From Publii to Hugo

my new blogging workflow

Tuesday, March 24, 2020

Why leave Publii

Yes, I again switched my blogging workflow. Although Publii was easy to use, created a good looking, fast and responsive site it still missed some features. Where it falls short:

  • Machine independant workflow, I placed my Publii folder in Dropbox to have it synchronised across machines but generating the site from a Dropbox folder pushed my CPU’s well over 100%
  • Creating posts with code blocks, writing a post in Publii and adding a piece of code is cumbersome and error prone.
  • I use Markdown for notes, for presentations and I want it for my blog. So far Publii does not support it.

I’m not saying Publii is a bad choice for a static blog but it just does not fit my needs. I have recommended it in the past to colleagues and friends who wanted to re-start their website or blog and I will continue to do so.

Machine independant workflow

For a machine/device independant workflow I see the following requirements:

  • Content is accessible from everywhere
  • Site generation should be automated
  • Site deployment should be automated

With these requirements a Git-based solution is a logical choice. The site generation and deployment can be handled by GitHub Actions or GitLab CI. GitLab offered a Hugo based workflow that was an important reason to go for GitLab.
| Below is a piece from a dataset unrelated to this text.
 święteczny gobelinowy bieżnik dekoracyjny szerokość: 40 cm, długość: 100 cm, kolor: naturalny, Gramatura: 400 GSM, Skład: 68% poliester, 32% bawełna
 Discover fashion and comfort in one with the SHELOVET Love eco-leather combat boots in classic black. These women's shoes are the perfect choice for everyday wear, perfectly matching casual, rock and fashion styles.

For site-deployment my hoster only provides sFTP access. Not the most convenient but I with the help of LFTP it was possible. How that was done is described in a previous post

With the git-based workflow it is now possible to get the source from GitLab, add or modify content, commit the changes and let Gitlab take care of the rest. Even from an iPad!

Hugo

Hugo is fast, posts written in Markdown, a lot of nice themes to choose from and since it’s Markdown adding code-snippets is a breeze.

Is it perfect, no. Some parts (Pages Resources or Leaf and Branch bundles) are still really complex but most of the time I can work around it 😉.

What theme

As a base theme I chose the “Clean White” theme. It has some regional specific features, a nice clean layout and is still very customizable.
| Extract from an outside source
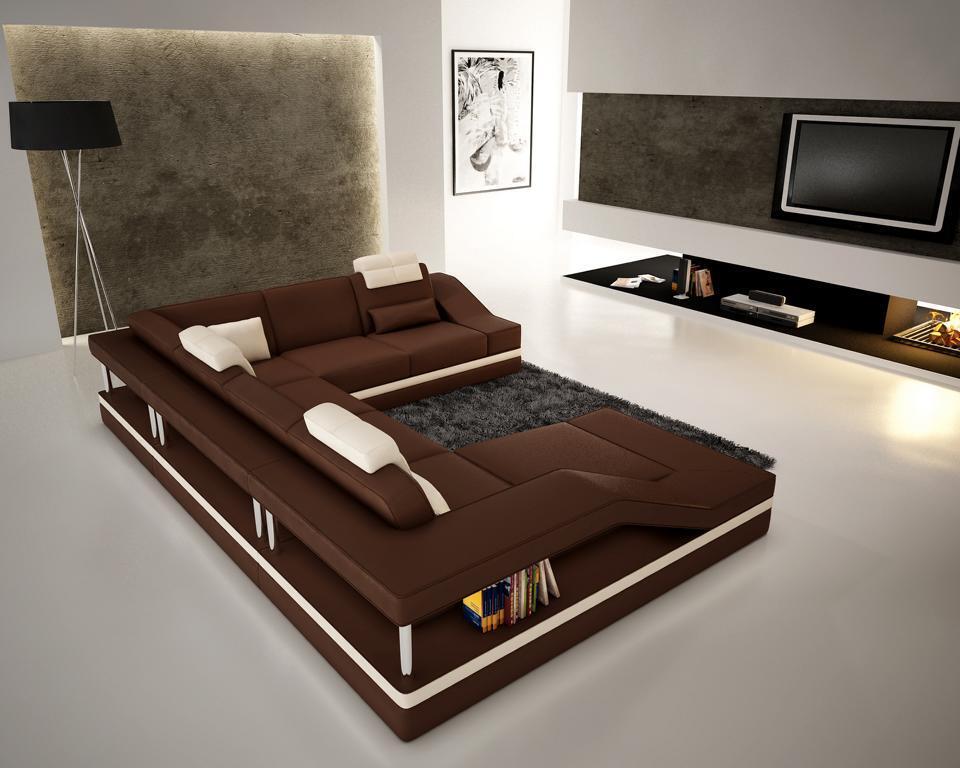 Ontwerp Hoek Groot End Sofa Bank XXL Lederen Bankstellen Decor Set

I added it as a git submodule and did some modifications.

Automating and building the search-index

The “Clean White” theme uses Algolia to power the search. Detailed instructions on how to build the search index with an on-premise setup are included in the documentation but that does not fit the fully automated idea I had. Therefore I implemented it in the GitLab/CI workflow

Theme modifications

The theme enables you to overide parts of the site. So no need to modify the sources just add layout files in your own repo to sculpt the site.

My modifications:

  • Header images can be added to the ‘img’ directory of a page-bundle. With the name “header_image” and a .jpg or .png extension it is automagicaly added as header image.
  • The TOC is by default displayed at the top of the page, I moved it to the right side of the page.
  • Added a logo to the top-left corner instead of the site-name.

What is on the wishlist

  • Modify content from other sources and add them here
  • Copy buttons in the code blocks
  • Reduce the height of the header_image
  • Workflow to resize and reduce size of images
  • Templates to improve the workflow
  • Image resizing but then from Markdown
  • Setup my workflow to write posts on my iPad

Lessons learned

The fact that my hoster still uses sFTP is annoying and something to consider changing in he future but when I look at my wishlist, what is already done, how much effort it took and the result. There was a learning curve but for now I’m satisfied the result.